Accurate forecasts at higher thresholds are important, since strong winds can contribute to the generation and spread of wildfires (Charney and Keyser 2010) and affect the dispersion and advection of pollutants (Seaman and Michelson 2000). Given the results above, the remainder of this paper will bias correct temperature (wind speed) with the additive (CDF) method.
b. Bias correction applied to fire weather days
Temperature ME and MAE values are presented for high fire threat days (Fig. 4). Results are grouped according to PBL scheme within the SBU ensemble or SREF model core and averaged for several different periods: the warm season, fire threat days, fire threat days with sequential bias correction, and fire threat days with conditional bias correction. The ensemble mean has a warm-season cool bias of −1.09 K (Fig. 4a), with a bias of −2.45 K on fire threat days. The SBU’s MM5 MY and WRF MYJ members have the largest SBU cold bias on high fire threat days (−3.29 and −2.77 K, respectively), while the SBU’s MM5 Medium-Range Forecast (MRF) model and MM5 Blackadar (BLK) members have cool biases of −1.18 and −1.05 K, respectively. The sequential bias correction on fire threat days has an ensemble mean cool bias (−0.85 K), while conditional bias correction has almost no bias (−0.02 K). The temperature MAE for high fire threat days is reduced for conditional bias correction (1.85 K) compared to sequential training (2.06 K; Fig. 4b). The improvements in the ensemble mean ME and MAE for conditional training are statistically significant at greater than 95% confidence compared to sequential training.
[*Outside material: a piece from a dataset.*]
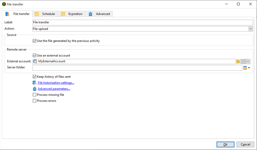 이를 수행하려면 다음을 추가하고 구성해야 합니다 File transfer 활동. 이 활동을 구성하는 방법에 대한 자세한 내용은 이 섹션.
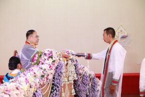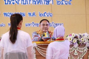 ในโอกาสนี้ องคมนตรี ได้กล่าวแสดงความยินดีและให้โอวาทแก่ผู้สำเร็จการศึกษา ว่า ความสำเร็จในครั้งนี้เกิดจากความวิริยะ อุตสาหะ พากเพียร จนได้รับอนุปริญญาบัตรตามที่มุ่งหวังไว้ ขอให้ผู้สำเร็จการศึกษาทุกท่านพึงระลึกเสมอว่าท่าน คือ ทรัพยากรบุคคลที่มีคุณค่าในการพัฒนาท้องถิ่น พัฒนาชุมชนและประเทศชาติ ควรใช้ความรู้ในทางที่ถูกต้อง ควบคู่กับคุณธรรม จริยธรรม และความซื่อสัตย์สุจริต เพื่อสร้างประโยชน์ให้กับตนเอง ครอบครัว และชุมชน พร้อมทั้งปฏิบัติตนตามหลักเศรษฐกิจพอเพียง น้อมนำศาสตร์ของพระราชามาใช้ในการดำเนินชีวิต

Ensemble-averaged mean error is plotted spatially for the warm-season average (Fig. 5a), high fire threat days (Fig. 5b), sequentially corrected high fire threat days (Fig. 5c), and conditionally corrected high fire threat days (Fig. 5d). This spatial plot is created by interpolating model biases for each station onto a 0.25° × 0.25° latitude–longitude grid. The model and observation must exceed the 298-K threshold for the mean error to be calculated, although results for other thresholds are similar. Warm-season biases are generally negative (−4.0 to 0.4 K), but cool biases are larger on high fire threat days (−7.2 to −1.5 K). Sequential bias correction reduces the spread of potential biases (−4.1 to −0.2 K), but conditional bias correction removes the magnitude and spread of the negative bias more effectively (−2 to 1.2 K).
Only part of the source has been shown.